-Caveat Lector-

an excerpt from:
Other Altars - Roots and Realities of Cultic and Satanic Ritual Abuse and
Multiple Personality Disorder
Craig Lockwood©1993
CompCare Publishers
3850 Annapolis Lane, Suite 100
Minneapolis, MN 55441
612.559.4800/800.328.3330
ISBN 0-89638-363-6
255+pps — out-of-print/one edition.
--[7]--

Part II

Within The Circle

"When the acts and magical beliefs of present-day folkloric groups are
subjected to a systematic-sychronic interpretation ... the prehistoric
antiquity of a great Part of what is concealed in the elements that have come
down to us appears convincingly attested to. We then realize ... that
folkloric testimonies have their roots in a much more remote time and are
much more widely diffused than we thought."
-Roman Jakobson, 1966

-----

Chapter 7

Shamans, Magic, And  The Mind

"[Shamans] are of immense social significance, the psychological health of
the group largely depending on faith in their powers ... the various psychic
powers attributed to them must not be too readily dismissed as mere primitive
magic and 'make believe,' for many of them have specialized in the working of
the human mind, and in the influence of mind on body and body on mind."
-A.P. Elkin, 1945

Among those societies that use magical language and wield  magical power, the
shaman is an important fixture. Ethnopsychologist Holger Kalweit, a German
who has made a lifetime study of the cross-cultural psychological aspects of
shamanism, notes in his book Dreamtime and Inner Space: The World of the
Shaman, "Everywhere and at all times, cultures have striven to produce and
train people of parapsychic ability so that they might effectively support
the struggle for the survival of the tribe or community in question."

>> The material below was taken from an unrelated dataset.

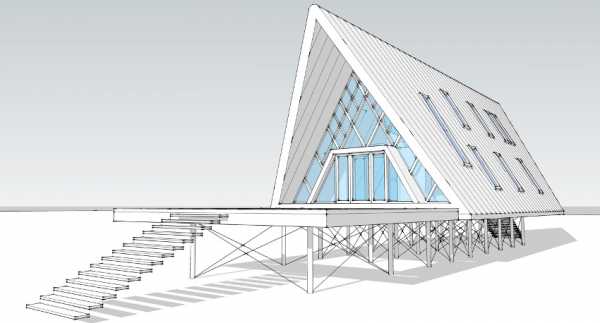 Визуально строение выглядит как треугольник. Его каркас сооружен из треугольных рам. Особенность таких домов – отсутствие стен: двускатная кровля исходит от фундамента, иногда из цоколя. Среди преимуществ домов-шалашей можно отметить:

Cultures and societies vary in their attitudes. Eighteenth, century
Polynesians conferred respectful titles indicating degrees of spiritual
authority on hunas, who possessed this specialized occult knowledge. In
sixteenth-century France, anyone suspected of holding superstitious folk
beliefs could be made a public barbecue.

Contemporary Korean shamans, the Mu dang, are "organized in a professional
association," but are considered to be on the "lowest rung of the social
ladder, along with prostitutes, shoe-menders, soothsayers, Buddhist monks,
and dancing girls," according to Kalweit.

What's the difference between a shaman, a witch, and a sorcerer?
Anthropologists, scholars, and other experts on and practitioners of the
occult, esoteric religions, and witchcraft don't always agree. Sometimes
those terms are used as stand-ins for more specific words.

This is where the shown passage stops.